Ireland's Employment Investment Incentive is set to be improved, with the Irish Government recently calling for input from stakeholders on potential enhancements. The measure grants income tax relief to individual investors who make multi-year investments in trading companies.

The EII is intended to encourage individuals to provide equity-based finance to trading companies, in exchange for a reduction in their liability to income tax. It does not affect liability to Pay Related Social Insurance (PRSI) or Universal Social Charge (USC).

Under the present scheme, investors who make investments in certain corporate trades can receive tax relief of up to 40% of that investment.

This is the second time in recent years that the Irish Government is looking to improve the incentive. For investments made prior to October 9, 2019, investors could claim only three-quarters of the value of the tax relief in the first year and the remainder after holding that investment for four years, providing a number of conditions were met. Now, investors may claim full relief in the first year of investment.

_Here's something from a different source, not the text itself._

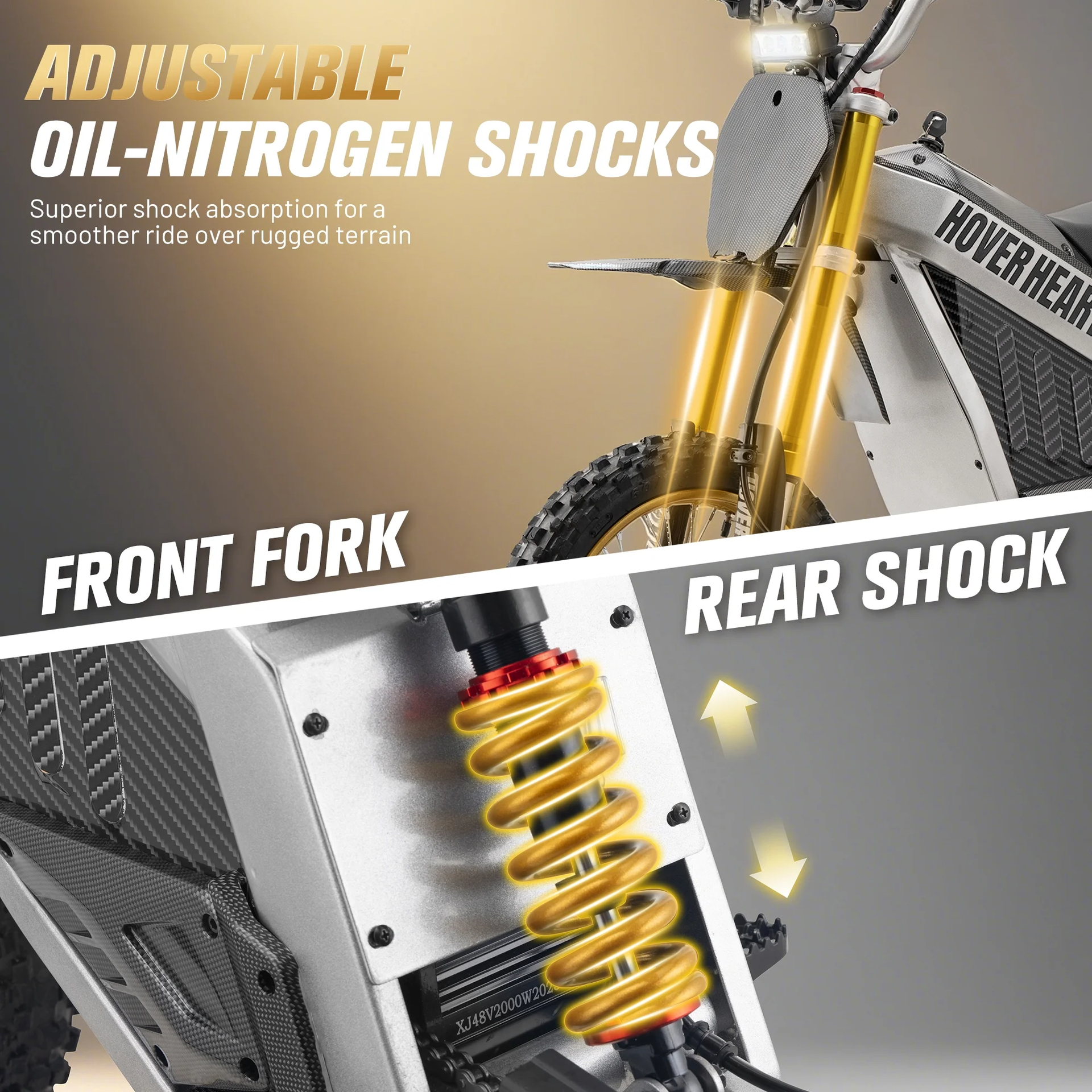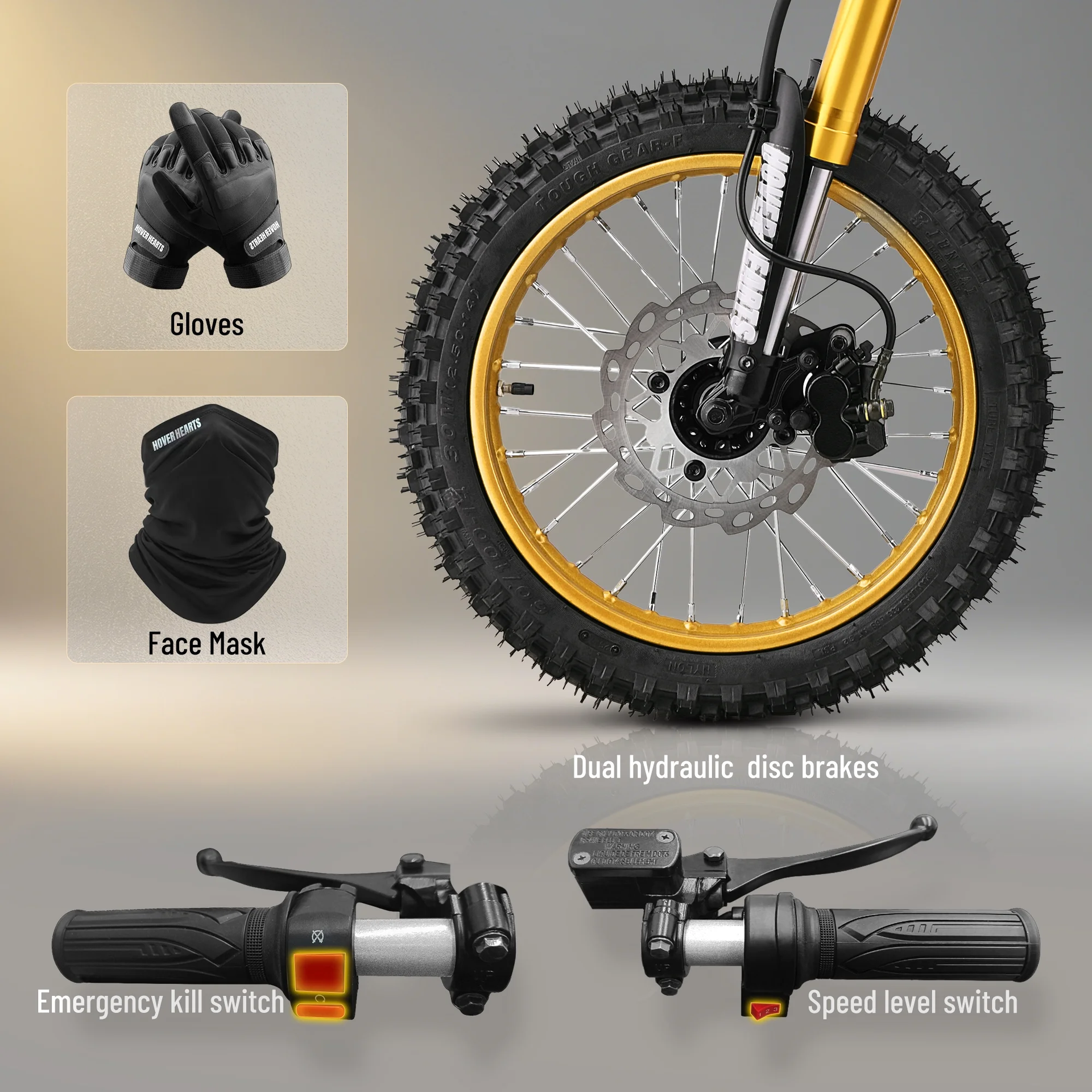 Get straight to the dirt with the DZ009 Teen Electric Dirt Bike. A non-removable, UL-listed 48 V 30 Ah LiFePO4 battery powers a 2000 W mid-drive motor that rockets riders to 34 mph (55 km/h) while offering 25 miles (40 km) of quiet range. The chromoly frame weighs only 132 lb (60 kg) yet carries up to 220 lb (100 kg). Front and rear hydraulic suspension with 270 mm ground clearance soaks up rocks, jumps and ruts; dual hydraulic disc brakes with regen add track-level stopping power. Oversized 14-inch front and 12-inch rear knobby tires bite into loose terrain, and a two-speed auto-shift keeps novices and pros equally happy. Every bike ships 90 % pre-assembled from our California warehouse—most owners bolt on the handlebars and hit the trail in under 15 minutes. Enjoy 30-day free returns, 90-day parts coverage and lifetime U.S.-based tech support. Bring motocross excitement to campgrounds, farms or private tracks without gas, noise or fuss.

Further, previously, the maximum investment against which investors could claim relief had been €150,000 per year. From 2020 onwards, that cap has been increased to €250,000, providing the investor holds the company's shares for at least four years, or €500,000, if the investor holds the company's shares for at least seven.

Relief under the EII is available to individuals investing in unquoted micro, small, and medium-sized trading companies. Typically, they may not be more than seven years old and businesses engaged in certain activities are excluded. A company can raise up to €5m through the EII in any one year and up to €15m over its lifetime.

Now, the Irish Finance Department has released proposals to enhance the attractiveness of the measure.

Launching the consultation, Ireland's Finance Minister, Paschal Donohoe, said reform of the EII was intended to respond to how "the pandemic has affected private investor confidence", to boost "the flow of available private equity investment into Irish companies." Against that background, his Department is seeking input on how the EII can be improved.

Specifically, the Department is seeking feedback, until February 12, 2021, on how enhanced support can be made available to start-ups through the EII; the potential of the EII to attract capital from a broader range of investors; and the interaction between the EII and the Renewable Energy Support Scheme (RESS).